Grate v Rodrigues
2020 NY Slip Op 00081 [179 AD3d 440]
January 7, 2020
Appellate Division, First Department
Published by New York State Law Reporting Bureau pursuant to Judiciary Law § 431.
As corrected through Wednesday, March 11, 2020


[*1]
 Robert Grate, Appellant,
v
Ralph Rodrigues et al., Respondents.

Law Office of Amy Posner, New York (Amy Posner of counsel), for appellant.

Picciano & Scahill, PC, Bethpage (Gerard Ferrara of counsel), for respondents.

Order, Supreme Court, Bronx County (John R. Higgitt, J.), entered September 13, 2018, which granted defendants' motion for summary judgment dismissing the complaint based on plaintiff's inability to establish that he suffered a serious injury within the meaning of Insurance Law § 5102 (d), unanimously affirmed, without costs.

Contrary to plaintiff's contention, defendants are not limited to the ground relied on by the motion court in granting summary judgment, but may advance other grounds for affirmance that were presented to the motion court (Matter of Nieves v Martinez, 285 AD2d 410 [1st Dept 2001], citing Parochial Bus Sys. v Board of Educ. of City of N.Y., 60 NY2d 539, 545 [1983]).

Defendants established prima facie that plaintiff, who was 53 years old at the time of the subject motor vehicle accident, did not sustain a serious injury to his cervical spine, lumbar spine or right knee as a result of the accident. They submitted the report of an orthopedic surgeon, who found that plaintiff had full range of motion and negative test results in his cervical spine, lumbar spine, and right knee (see Vishevnik v Bouna, 147 AD3d 657 [1st Dept 2017]). The orthopedist also opined that plaintiff's MRI reports documented preexisting degenerative conditions, and defendant's radiologist reviewed the underlying MRI films and opined that they revealed chronic degenerative conditions, including spondylosis in the spine and osteoarthritis in the knee, unrelated to trauma (see Batista v Porro, 110 AD3d 609, 609 [1st Dept 2013]). Defendants also presented evidence, notably plaintiff's deposition testimony, that plaintiff sought no further medical treatment for the claimed conditions after undergoing an arthroscopic procedure in July 2016 and had no future medical treatment scheduled, which supports the conclusion that he did not sustain a serious injury to his spine or knee.

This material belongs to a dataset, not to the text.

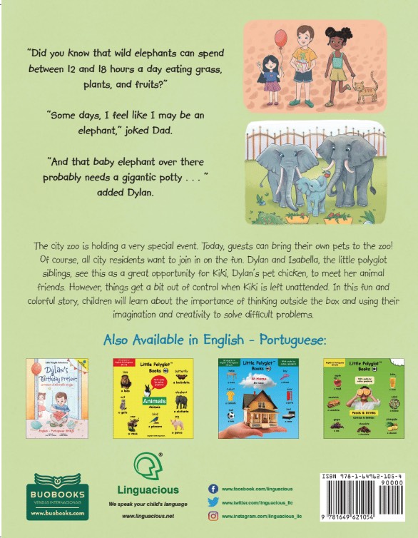 Esta é a versão bilíngue em português e inglês deste livro. O zoológico da cidade está realizando um evento muito especial. Hoje, os hóspedes podem trazer seus próprios animais de estimação para o zoológico! Claro, todos os residentes da cidade querem se juntar à diversão. Dylan e Isabella, os pequenos irmãos poliglotas, veem isso como uma grande oportunidade para Kiki, a galinha de estimação de Dylan, encontrar seus amigos animais. No entanto, as coisas ficam um pouco fora de controle quando Kiki é deixada sem supervisão. Nesta história divertida e colorida, as crianças aprenderão sobre a importância de pensar fora da caixa e usar sua imaginação e criatividade para resolver problemas difíceis. Read moreUS$22.90

In opposition, plaintiff failed to address the issue of causation presented by the evidence of preexisting conditions documented in his own medical records (see Hessing v Carroll, 161 AD3d 462, 463 [1st Dept 2018]; Alvarez v NYLL Mgt. Ltd., 120 AD3d 1043, 1044 [1st Dept 2014], affd 24 NY3d 1191 [2015]). Plaintiff submitted his unaffirmed MRI reports, which he was entitled to rely upon because defendants' orthopedist expressly relied upon them in reaching his conclusion that plaintiff's conditions were preexisting and degenerative in nature (Francis v Nelson, 140 AD3d 467, 468 [1st Dept 2016]). However, the MRI reports do not avail plaintiff. While they show herniated and bulging discs in the spine and meniscal tears in the knee, they also reflect degenerative conditions, as noted by defendant's orthopedist. Plaintiff's doctors acknowledged that degeneration was likely in a person of plaintiff's age, but they provided only conclusory opinions that the accident caused or aggravated the preexisting conditions, without addressing the particular conditions identified in plaintiff's own records, and they offered no objective basis, only the history provided by plaintiff, for concluding that those conditions were not the cause of the claimed injuries (see Sosa-Sanchez v Reyes, 162 AD3d 414, 415 [1st Dept 2018]; Marino v Amoah, 143 AD3d 541, 541 [1st Dept 2016]; Farmer v Ventkate Inc., 117 AD3d 562 [1st Dept 2014]). Concur—Friedman, J.P., Webber, Singh, Moulton, JJ.